Instructions for the task: Where a picture appears in the data below, exclude it; restate everything else word for word.

# # # #

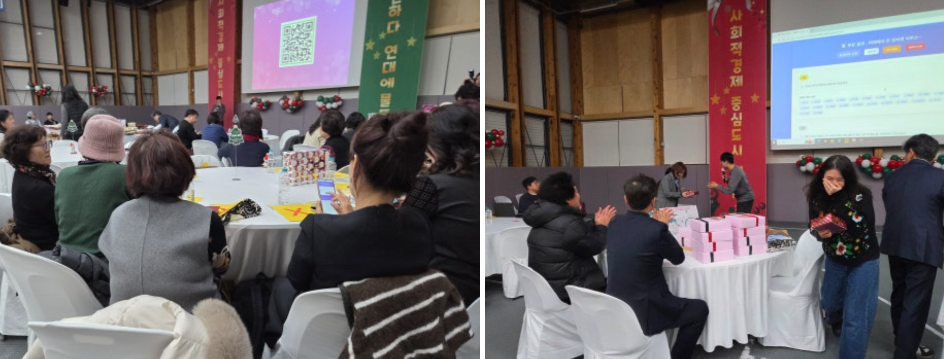 마지막으로 다 함께 크리스마스를 보내는 모습을 콘셉트로 한 포토 이벤트를 소개하며 2025 성과공유회 현장스케치를 마치고자 합니다. 입장하며 포토존에서 촬영하도록 안내드렸는데 처음엔 조금 쑥스러워하시던 분들도 이내 자연스럽게 포즈를 취해 주셨습니다. 각자의 사진이 모여 만들어 낸 연말 분위기 즐감하세요.
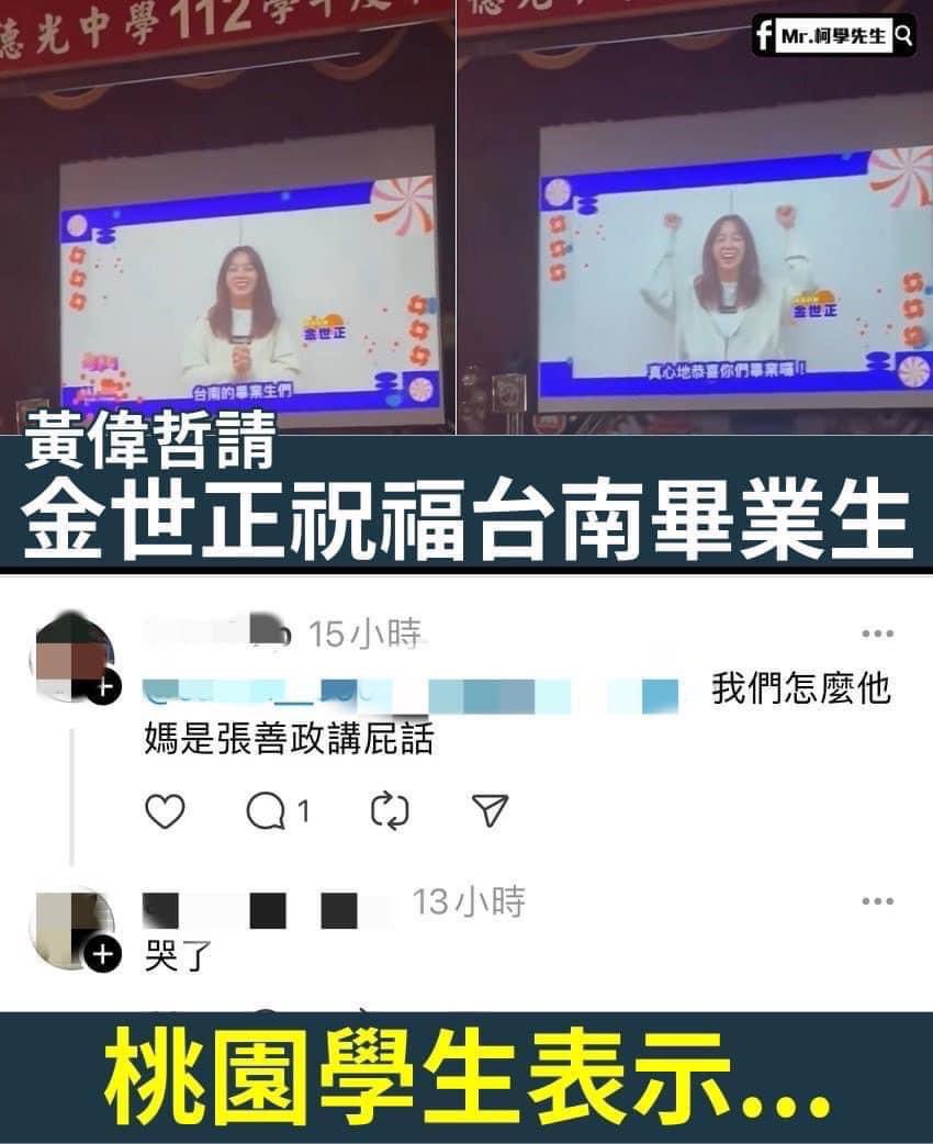 台南市德光中學昨天舉行畢業典禮過程中,投影螢幕突然出現金世正的祝福「大家好,我
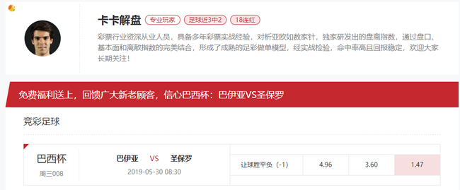 总之,从基本面来看,在巴伊亚主场8连胜的态势下,盘口却是平半降平手,走主队不败会是多数人的选择,拉主力在主队一方,对主胜打出不利,在巴伊亚并不一定要赢的情况下,还是走客队不败为宜。
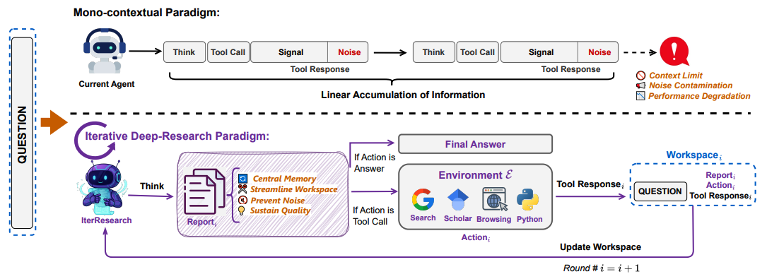 ์ฅ๊ธฐ์ ์ธ ์ฌ์ธต ์ฐ๊ตฌ๋ฅผ ์ํํ๋ AI ์์ด์ ํธ๋ ๋จ์ผ ๋ฌธ๋งฅ ์์์ ๋๋ฌด ๋ง์ ์ ๋ณด๋ฅผ ์ฒ๋ฆฌํ๋ค ๋ด์ฉ์ ํต์ฌ์ ๋์น๋ '๋ฌธ๋งฅ ์ง์' ๋ฌธ์ ๋ฅผ ๊ฒช์ด์๋ค. 'WebResearcher'๋ ์ฐ๊ตฌ ๊ณผ์ ์ ์ฌ๋ฌ ๋จ๊ณ๋ก ๋๋์ด ์ฃผ๊ธฐ์ ์ผ๋ก ์ค๊ฐ ๊ฒฐ๊ณผ๋ฅผ ์ ๋ฆฌํ๊ณ ๋ค์ ์ง์คํ๋ ๋ฐ๋ณต์ ํจ๋ฌ๋ค์์ ๋์
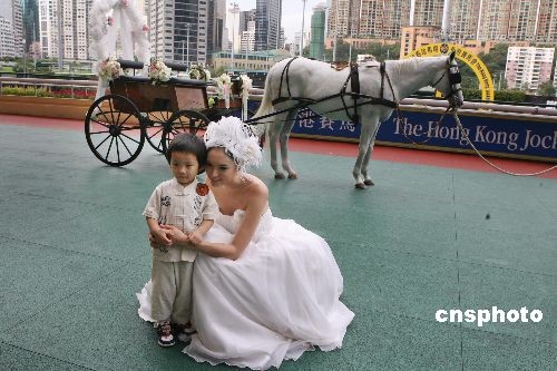六月十四日,第一次随家长来香港跑马地马场参观的三龄童叶柏希小朋友,今天尤感喜气洋洋。不仅观看到平时难得一见的古典婚庆马车,还巧遇在现场的香港影视明星、著名模特Ana.R小姐。因应民众消费需求,向来仅接待会员的跑马地马场,当日,首次举行“香港赛马会婚宴展览”。中新社发 郑祚声 摄
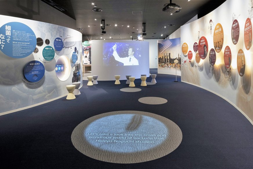 1876(明治9)年、福島県猪苗代に生まれた野口英世は1歳半の時に左手に大やけどを負い不自由となりましたが、家族や恩師の支援によりその苦難を克服しました。左手の手術により医学のすばらしさを感じ自らも医学の道を志し、アメリカロックフェラー医学研究所を拠点に世界で活躍する細菌学者となりノーベル賞の候補にも挙がりました。しかし、1928(昭和3)年、西アフリカ・アクラで黄熱病の研究中に感染し亡くなりました。

# # # #

Exercise response:
 마지막으로 다 함께 크리스마스를 보내는 모습을 콘셉트로 한 포토 이벤트를 소개하며 2025 성과공유회 현장스케치를 마치고자 합니다. 입장하며 포토존에서 촬영하도록 안내드렸는데 처음엔 조금 쑥스러워하시던 분들도 이내 자연스럽게 포즈를 취해 주셨습니다. 각자의 사진이 모여 만들어 낸 연말 분위기 즐감하세요.
 台南市德光中學昨天舉行畢業典禮過程中,投影螢幕突然出現金世正的祝福「大家好,我
 总之,从基本面来看,在巴伊亚主场8连胜的态势下,盘口却是平半降平手,走主队不败会是多数人的选择,拉主力在主队一方,对主胜打出不利,在巴伊亚并不一定要赢的情况下,还是走客队不败为宜。
 ์ฅ๊ธฐ์ ์ธ ์ฌ์ธต ์ฐ๊ตฌ๋ฅผ ์ํํ๋ AI ์์ด์ ํธ๋ ๋จ์ผ ๋ฌธ๋งฅ ์์์ ๋๋ฌด ๋ง์ ์ ๋ณด๋ฅผ ์ฒ๋ฆฌํ๋ค ๋ด์ฉ์ ํต์ฌ์ ๋์น๋ '๋ฌธ๋งฅ ์ง์' ๋ฌธ์ ๋ฅผ ๊ฒช์ด์๋ค. 'WebResearcher'๋ ์ฐ๊ตฌ ๊ณผ์ ์ ์ฌ๋ฌ ๋จ๊ณ๋ก ๋๋์ด ์ฃผ๊ธฐ์ ์ผ๋ก ์ค๊ฐ ๊ฒฐ๊ณผ๋ฅผ ์ ๋ฆฌํ๊ณ ๋ค์ ์ง์คํ๋ ๋ฐ๋ณต์ ํจ๋ฌ๋ค์์ ๋์
六月十四日,第一次随家长来香港跑马地马场参观的三龄童叶柏希小朋友,今天尤感喜气洋洋。不仅观看到平时难得一见的古典婚庆马车,还巧遇在现场的香港影视明星、著名模特Ana.R小姐。因应民众消费需求,向来仅接待会员的跑马地马场,当日,首次举行“香港赛马会婚宴展览”。中新社发 郑祚声 摄
 1876(明治9)年、福島県猪苗代に生まれた野口英世は1歳半の時に左手に大やけどを負い不自由となりましたが、家族や恩師の支援によりその苦難を克服しました。左手の手術により医学のすばらしさを感じ自らも医学の道を志し、アメリカロックフェラー医学研究所を拠点に世界で活躍する細菌学者となりノーベル賞の候補にも挙がりました。しかし、1928(昭和3)年、西アフリカ・アクラで黄熱病の研究中に感染し亡くなりました。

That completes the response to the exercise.